*Work to complete*:
What are the lines below, starting at the line containing "很多小户型空间除了把餐厅与起" and ending at the line containing "A very handsome"? Write them out exactly, ends included, without pictures.

==== Supplied data

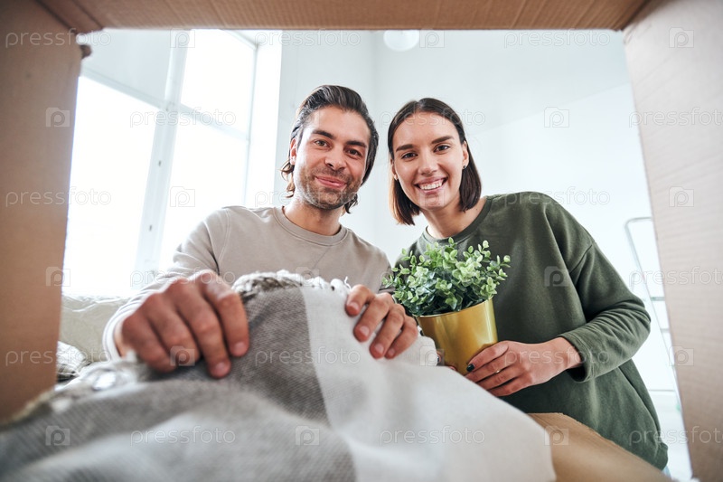 Молодые веселые муж и жена смотрят на вас, разрабатывая коробки
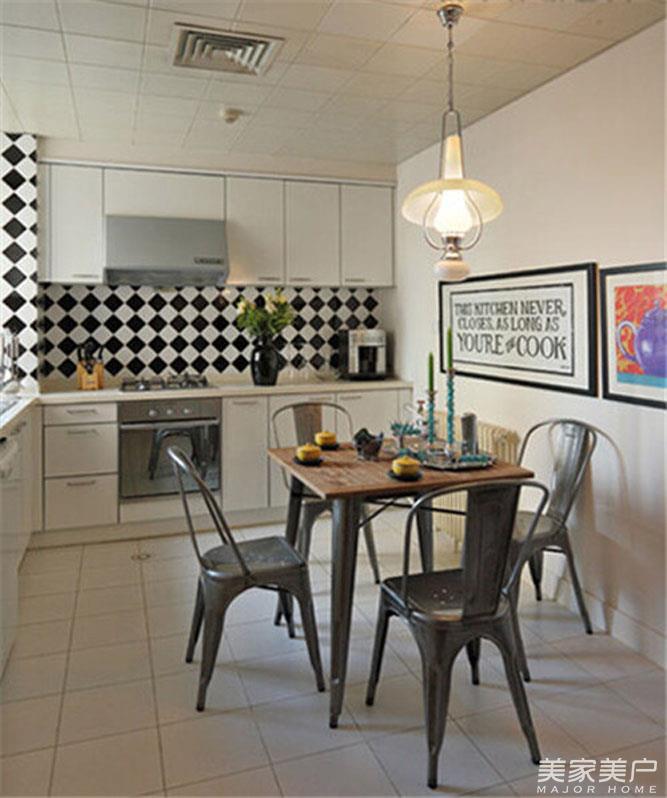 很多小户型空间除了把餐厅与起居室设置在一起之外,把餐桌摆放到厨房里面也未免不是另一种方法。搭配上天花板的老式吊灯,暗黄的灯光落在用餐空间里面,朴素、怀旧的氛围更让用餐变得浪漫、动人。
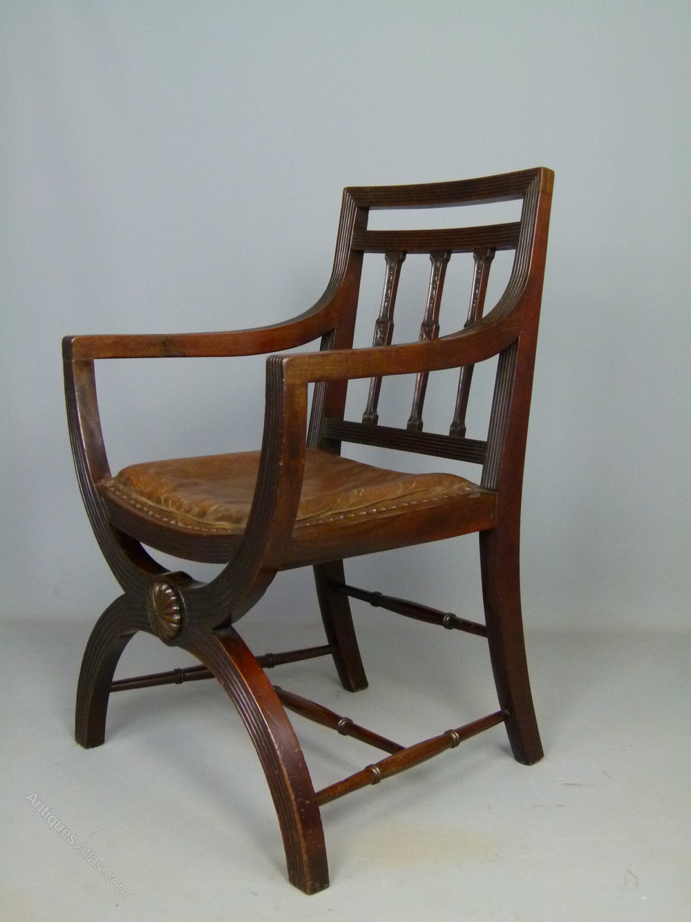 A very handsome and stylish mahogany arm chair with a slightly later, faux tan leather (Rexine) studded seat.
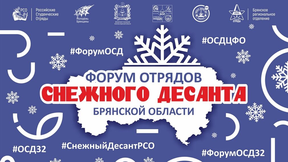В Брянской области с 29 по 30 ноября пройдет форум отрядов «Снежного десанта» региона. Мероприятие направлено на обмен опытом участников Всероссийской акции «Снежный десант РСО». Об этом сообщают организаторы. Открытие мероприятия состоится в среду, 29 ноября. Начало в 15 часов. Как сообщают организаторы, в нем примут участие 80 бойцов «Снежного десанта» Брянщины. Участники форума встретятся с представителями фонда «Защитники Отечества». Бойцы РСО станут участниками акции по уборке снега на территории социально-значимых объектов, приуроченной ко Дню добровольца. 12+ ФОТО: Брянское региональное отделение Молодёжной общероссийской общественной организации «Российские Студенческие Отряды» На Брянщине прошел форум отрядов снежного десанта

========

*Output below*:
 很多小户型空间除了把餐厅与起居室设置在一起之外,把餐桌摆放到厨房里面也未免不是另一种方法。搭配上天花板的老式吊灯,暗黄的灯光落在用餐空间里面,朴素、怀旧的氛围更让用餐变得浪漫、动人。
 A very handsome and stylish mahogany arm chair with a slightly later, faux tan leather (Rexine) studded seat.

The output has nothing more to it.